On Wednesday, the Chicago-based carrier stated that it may furlough up to 15,100 flight attendants, 2,250 pilots, 11,000 airport operations personnel. In addition, it also plans to furlough an undisclosed number of employees involved in catering, airplane maintenance, flight network operations and call center customer services.
United's announcement follows that of American Airlines, which stated last week that it could have up to 20,000 excess employees in the fall that it may have to cut. (Related: COVID-19 hits aviation industry: American Airlines grounds fleet, suspends flights.)
As governments imposed stay-at-home orders in order to slow the global pandemic, passenger numbers in airlines, such as United, have plummeted. Even as they slashed their capacity, these airlines continued to burn tens of millions of dollars in daily expenses.
To alleviate this, the U.S. government earmarked $50 billion of its $2 trillion aid package for the airline industry. To avail of this, however, airline executives agreed that they would not lay off employees or cut their pay until September 30.
Now, United Airlines, who is receiving $5 billion from the fund package, has said that they cannot continue at their current payroll level past October 1 – a day after the agreement to retain airline workers ends – because of the current decrease in travel demand due to the coronavirus.
The carrier said that their July capacity was down 75 percent compared with the same month last year. Scheduled capacity fo August, on the other hand, is only slightly better at 65 percent of 2019's.
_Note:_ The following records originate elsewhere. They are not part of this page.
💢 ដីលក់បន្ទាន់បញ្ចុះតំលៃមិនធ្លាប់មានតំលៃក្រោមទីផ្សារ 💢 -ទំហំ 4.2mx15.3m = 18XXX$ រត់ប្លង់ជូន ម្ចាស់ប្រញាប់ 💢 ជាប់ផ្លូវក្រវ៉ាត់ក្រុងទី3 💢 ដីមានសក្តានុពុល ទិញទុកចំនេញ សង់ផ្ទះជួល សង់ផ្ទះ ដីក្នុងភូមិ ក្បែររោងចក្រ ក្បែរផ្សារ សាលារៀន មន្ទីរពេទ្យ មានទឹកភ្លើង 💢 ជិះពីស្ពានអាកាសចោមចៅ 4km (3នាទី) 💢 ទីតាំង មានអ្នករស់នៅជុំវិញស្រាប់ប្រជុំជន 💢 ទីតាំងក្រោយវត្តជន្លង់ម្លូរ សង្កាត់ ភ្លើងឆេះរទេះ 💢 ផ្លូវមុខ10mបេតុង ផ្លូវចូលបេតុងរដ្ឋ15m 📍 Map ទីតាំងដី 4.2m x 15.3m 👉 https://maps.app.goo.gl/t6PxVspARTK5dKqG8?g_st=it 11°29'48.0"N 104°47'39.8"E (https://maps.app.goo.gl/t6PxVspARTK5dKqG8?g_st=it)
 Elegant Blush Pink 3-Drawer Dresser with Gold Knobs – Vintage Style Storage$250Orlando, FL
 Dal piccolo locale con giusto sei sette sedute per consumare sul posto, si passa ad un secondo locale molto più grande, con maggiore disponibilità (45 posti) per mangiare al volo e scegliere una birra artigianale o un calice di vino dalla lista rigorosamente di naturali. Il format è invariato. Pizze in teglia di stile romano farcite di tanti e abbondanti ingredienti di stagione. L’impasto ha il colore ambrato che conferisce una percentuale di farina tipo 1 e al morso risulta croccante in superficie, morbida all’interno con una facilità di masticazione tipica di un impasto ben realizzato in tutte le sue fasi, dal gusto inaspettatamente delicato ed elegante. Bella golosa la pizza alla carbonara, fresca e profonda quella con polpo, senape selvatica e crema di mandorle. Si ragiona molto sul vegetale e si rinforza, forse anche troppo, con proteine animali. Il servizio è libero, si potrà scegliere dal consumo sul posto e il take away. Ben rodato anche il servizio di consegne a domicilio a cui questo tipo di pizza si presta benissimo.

Despite sending out furlough warning notices, however, United said that not everyone who got a notice would be furloughed. The airline and the unions representing their pilots and flight attendants are attempting to encourage more employees to participate in voluntary leave and early retirement programs to help lessen the number of people to be furloughed. According to a Securities and Exchange Commission filing, the company expects to take a $300 million charge in the second quarter related to voluntary employee termination.
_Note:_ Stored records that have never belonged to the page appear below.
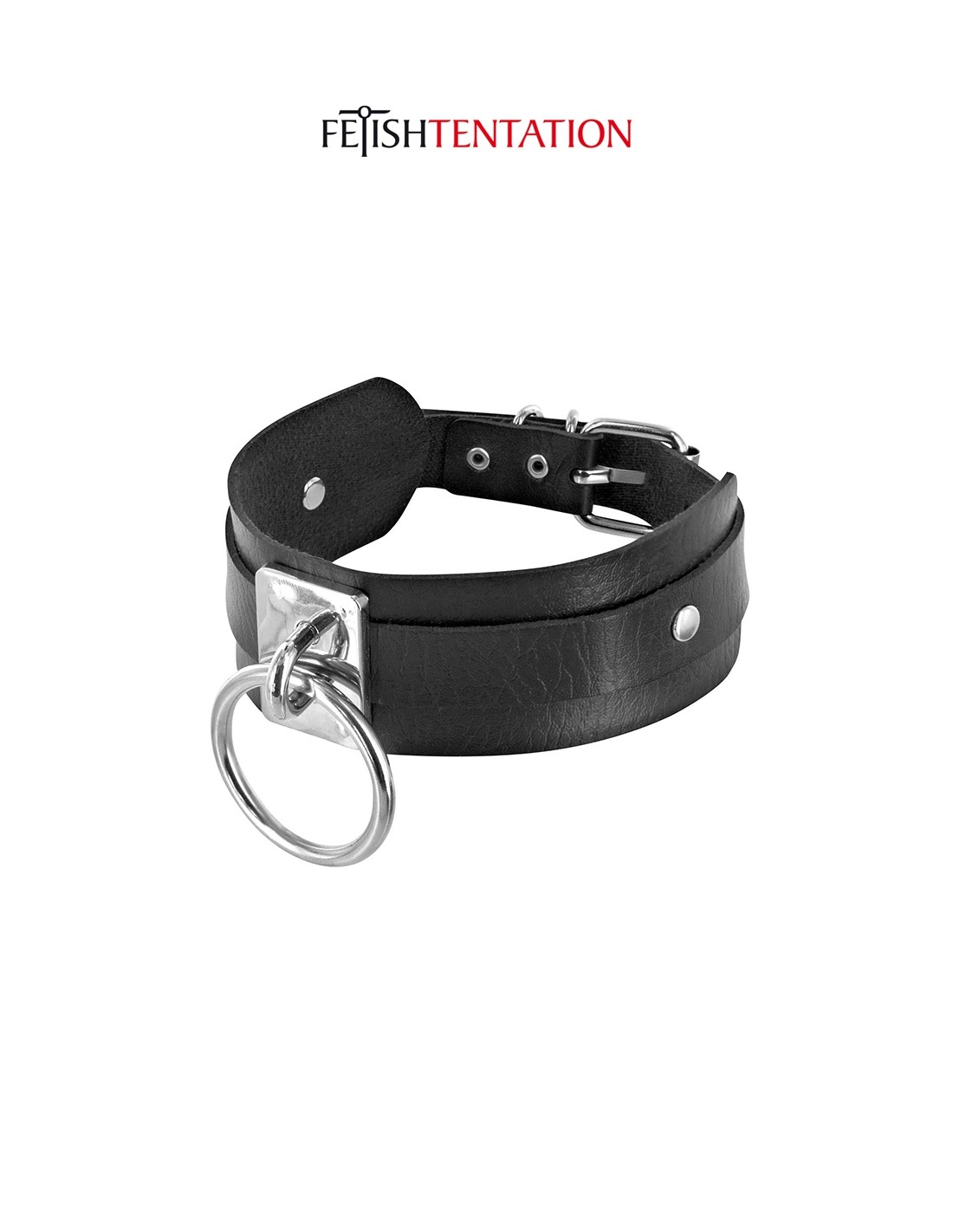 Accessoire Fashion et / ou Fétichiste selon vos usages, la marque Fetish Tentation propose un collier large et ras de cou en faux cuir, doté d'un anneau en métal permettant d'y accrocher une laisse ou une contrainte.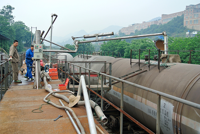 重慶市華鐵物流有限公司(化工鶴管潛液泵為"苯"罐火車卸車的現(xiàn)場照片)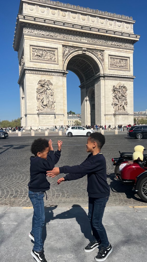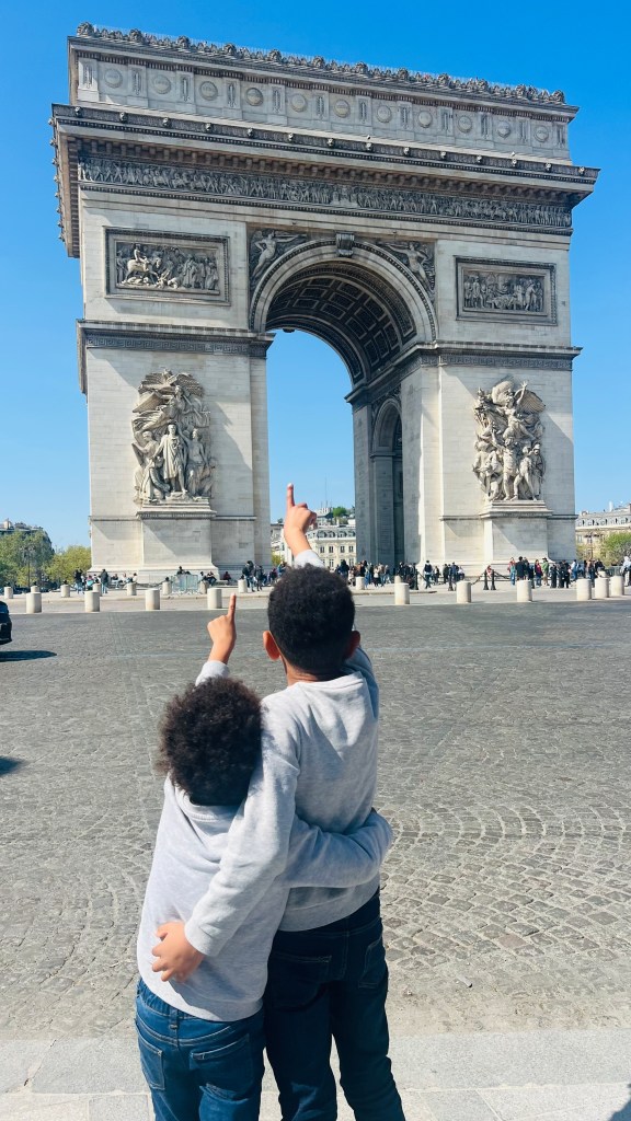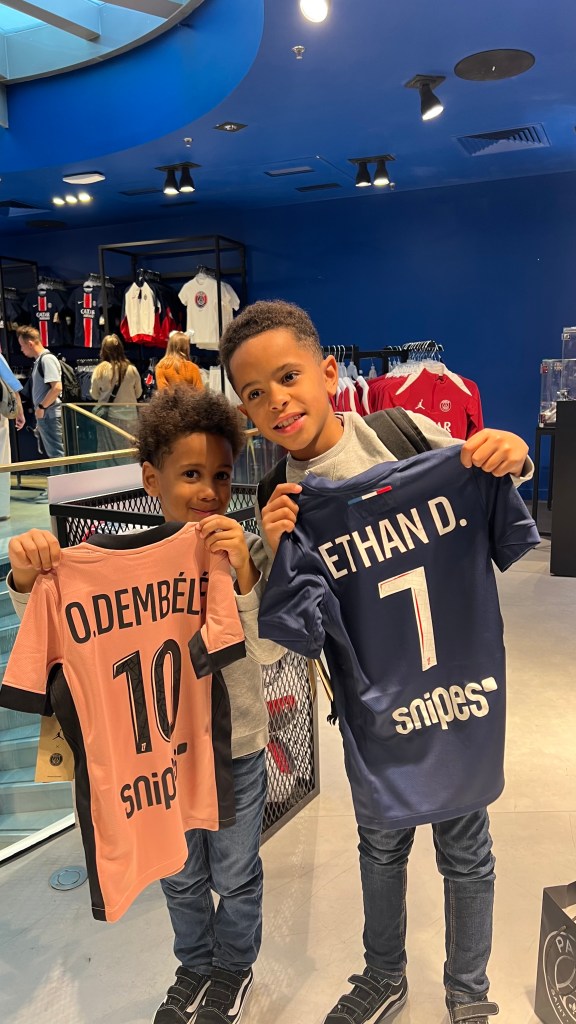 Les Champs-Élysées et l’arc de triomphe ? Deux fois. Parce que Paris, parce que les boutiques, et surtout parce que : maillots du PSG. Les enfants avaient des étoiles plein les yeux, j’avais mon compte en banque qui pleurait en silence.

"Our primary goal throughout this crisis has been to ensure United — and the jobs it supports — are here when customers are flying again," stated the company.
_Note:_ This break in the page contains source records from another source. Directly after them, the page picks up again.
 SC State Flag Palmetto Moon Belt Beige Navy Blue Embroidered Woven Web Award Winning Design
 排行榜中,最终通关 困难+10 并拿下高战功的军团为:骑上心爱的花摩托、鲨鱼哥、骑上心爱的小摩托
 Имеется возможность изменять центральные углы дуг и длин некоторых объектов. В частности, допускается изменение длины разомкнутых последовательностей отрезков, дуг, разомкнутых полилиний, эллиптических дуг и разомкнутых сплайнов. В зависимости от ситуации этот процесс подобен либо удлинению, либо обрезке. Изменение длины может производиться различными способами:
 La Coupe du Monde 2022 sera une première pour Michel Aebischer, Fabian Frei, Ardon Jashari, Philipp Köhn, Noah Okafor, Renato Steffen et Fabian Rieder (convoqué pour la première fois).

While the airline is doing its best the stay afloat until people are flying again, it may take a while for that to happen.
In April, global travel specialists at the Atmosphere Research Group predicted that it would take up to two years – until 2023 – for air travel to return to pre-coronavirus levels. Even this prediction is optimistic – at assumes that the coronavirus pandemic will come under control this year.
For its part, United seems to be aware of this assessment. When it announced the furloughs, the airline conceded that it was "increasingly likely that travel demand will not return to normal until there is a widely available treatment or vaccine."
The Atmosphere Research Group's report, however, does expect travel to slowly increase over the coming months as travelers begin to dip their toes in the water. The group expects that an initial wave of "tiptoe travelers" will fill airline seats up until mid-to-late-2021 before a larger wave of mostly business travelers will come in, filling more seats until mid-2022. By late 2022, a final wave of flyers should bring the air travel business close to pre-coronavirus levels.
This gradual return to near-normal levels could help airlines through the pandemic. The question now is what steps they need to take to be able to survive until then.
For some airlines, furloughs – putting employees on temporary leave with the hope of getting them back later on – seem to be the answer.